• **What the task asks**
Without skipping or changing anything, print all the entries.

• **Data for this exercise**
::::::::::
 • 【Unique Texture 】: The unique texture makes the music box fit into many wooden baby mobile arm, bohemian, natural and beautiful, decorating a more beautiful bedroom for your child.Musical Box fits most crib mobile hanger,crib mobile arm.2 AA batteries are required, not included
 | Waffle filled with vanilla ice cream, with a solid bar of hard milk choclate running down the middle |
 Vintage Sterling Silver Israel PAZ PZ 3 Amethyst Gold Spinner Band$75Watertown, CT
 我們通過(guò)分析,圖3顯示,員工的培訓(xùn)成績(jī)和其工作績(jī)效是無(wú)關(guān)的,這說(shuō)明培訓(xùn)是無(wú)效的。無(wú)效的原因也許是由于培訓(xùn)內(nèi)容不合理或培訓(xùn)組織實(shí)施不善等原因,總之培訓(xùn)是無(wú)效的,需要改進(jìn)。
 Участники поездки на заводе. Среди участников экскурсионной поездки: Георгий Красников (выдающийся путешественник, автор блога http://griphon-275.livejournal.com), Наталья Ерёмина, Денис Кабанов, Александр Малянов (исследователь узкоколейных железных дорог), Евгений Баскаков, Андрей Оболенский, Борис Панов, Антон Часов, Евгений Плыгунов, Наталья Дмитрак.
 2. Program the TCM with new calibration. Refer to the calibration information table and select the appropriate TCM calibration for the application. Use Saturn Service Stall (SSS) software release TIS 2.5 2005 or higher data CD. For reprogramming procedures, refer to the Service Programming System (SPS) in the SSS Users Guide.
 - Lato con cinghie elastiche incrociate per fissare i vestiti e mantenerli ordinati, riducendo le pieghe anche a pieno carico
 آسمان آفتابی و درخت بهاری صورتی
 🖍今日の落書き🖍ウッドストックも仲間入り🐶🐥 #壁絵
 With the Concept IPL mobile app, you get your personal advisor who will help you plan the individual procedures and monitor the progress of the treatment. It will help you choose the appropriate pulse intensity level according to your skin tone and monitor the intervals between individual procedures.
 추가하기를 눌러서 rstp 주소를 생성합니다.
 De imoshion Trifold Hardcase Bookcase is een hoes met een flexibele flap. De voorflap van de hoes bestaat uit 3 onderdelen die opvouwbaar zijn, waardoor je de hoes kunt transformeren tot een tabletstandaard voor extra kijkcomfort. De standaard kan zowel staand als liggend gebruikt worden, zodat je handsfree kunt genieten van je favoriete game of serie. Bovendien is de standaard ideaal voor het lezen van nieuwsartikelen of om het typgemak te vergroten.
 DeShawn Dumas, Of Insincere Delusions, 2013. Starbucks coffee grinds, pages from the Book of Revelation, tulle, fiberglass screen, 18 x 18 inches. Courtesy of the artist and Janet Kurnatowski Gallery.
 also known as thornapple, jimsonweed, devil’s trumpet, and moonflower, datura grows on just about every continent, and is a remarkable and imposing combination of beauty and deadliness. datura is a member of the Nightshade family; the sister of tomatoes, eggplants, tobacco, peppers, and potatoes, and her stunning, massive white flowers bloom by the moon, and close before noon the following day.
::::::::::
• **Task output**
 • 【Unique Texture 】: The unique texture makes the music box fit into many wooden baby mobile arm, bohemian, natural and beautiful, decorating a more beautiful bedroom for your child.Musical Box fits most crib mobile hanger,crib mobile arm.2 AA batteries are required, not included
 | Waffle filled with vanilla ice cream, with a solid bar of hard milk choclate running down the middle |
 Vintage Sterling Silver Israel PAZ PZ 3 Amethyst Gold Spinner Band$75Watertown, CT
 我們通過(guò)分析,圖3顯示,員工的培訓(xùn)成績(jī)和其工作績(jī)效是無(wú)關(guān)的,這說(shuō)明培訓(xùn)是無(wú)效的。無(wú)效的原因也許是由于培訓(xùn)內(nèi)容不合理或培訓(xùn)組織實(shí)施不善等原因,總之培訓(xùn)是無(wú)效的,需要改進(jìn)。
 Участники поездки на заводе. Среди участников экскурсионной поездки: Георгий Красников (выдающийся путешественник, автор блога http://griphon-275.livejournal.com), Наталья Ерёмина, Денис Кабанов, Александр Малянов (исследователь узкоколейных железных дорог), Евгений Баскаков, Андрей Оболенский, Борис Панов, Антон Часов, Евгений Плыгунов, Наталья Дмитрак.
 2. Program the TCM with new calibration. Refer to the calibration information table and select the appropriate TCM calibration for the application. Use Saturn Service Stall (SSS) software release TIS 2.5 2005 or higher data CD. For reprogramming procedures, refer to the Service Programming System (SPS) in the SSS Users Guide.
 - Lato con cinghie elastiche incrociate per fissare i vestiti e mantenerli ordinati, riducendo le pieghe anche a pieno carico
 آسمان آفتابی و درخت بهاری صورتی
 🖍今日の落書き🖍ウッドストックも仲間入り🐶🐥 #壁絵
 With the Concept IPL mobile app, you get your personal advisor who will help you plan the individual procedures and monitor the progress of the treatment. It will help you choose the appropriate pulse intensity level according to your skin tone and monitor the intervals between individual procedures.
 추가하기를 눌러서 rstp 주소를 생성합니다.
 De imoshion Trifold Hardcase Bookcase is een hoes met een flexibele flap. De voorflap van de hoes bestaat uit 3 onderdelen die opvouwbaar zijn, waardoor je de hoes kunt transformeren tot een tabletstandaard voor extra kijkcomfort. De standaard kan zowel staand als liggend gebruikt worden, zodat je handsfree kunt genieten van je favoriete game of serie. Bovendien is de standaard ideaal voor het lezen van nieuwsartikelen of om het typgemak te vergroten.
 DeShawn Dumas, Of Insincere Delusions, 2013. Starbucks coffee grinds, pages from the Book of Revelation, tulle, fiberglass screen, 18 x 18 inches. Courtesy of the artist and Janet Kurnatowski Gallery.
 also known as thornapple, jimsonweed, devil’s trumpet, and moonflower, datura grows on just about every continent, and is a remarkable and imposing combination of beauty and deadliness. datura is a member of the Nightshade family; the sister of tomatoes, eggplants, tobacco, peppers, and potatoes, and her stunning, massive white flowers bloom by the moon, and close before noon the following day.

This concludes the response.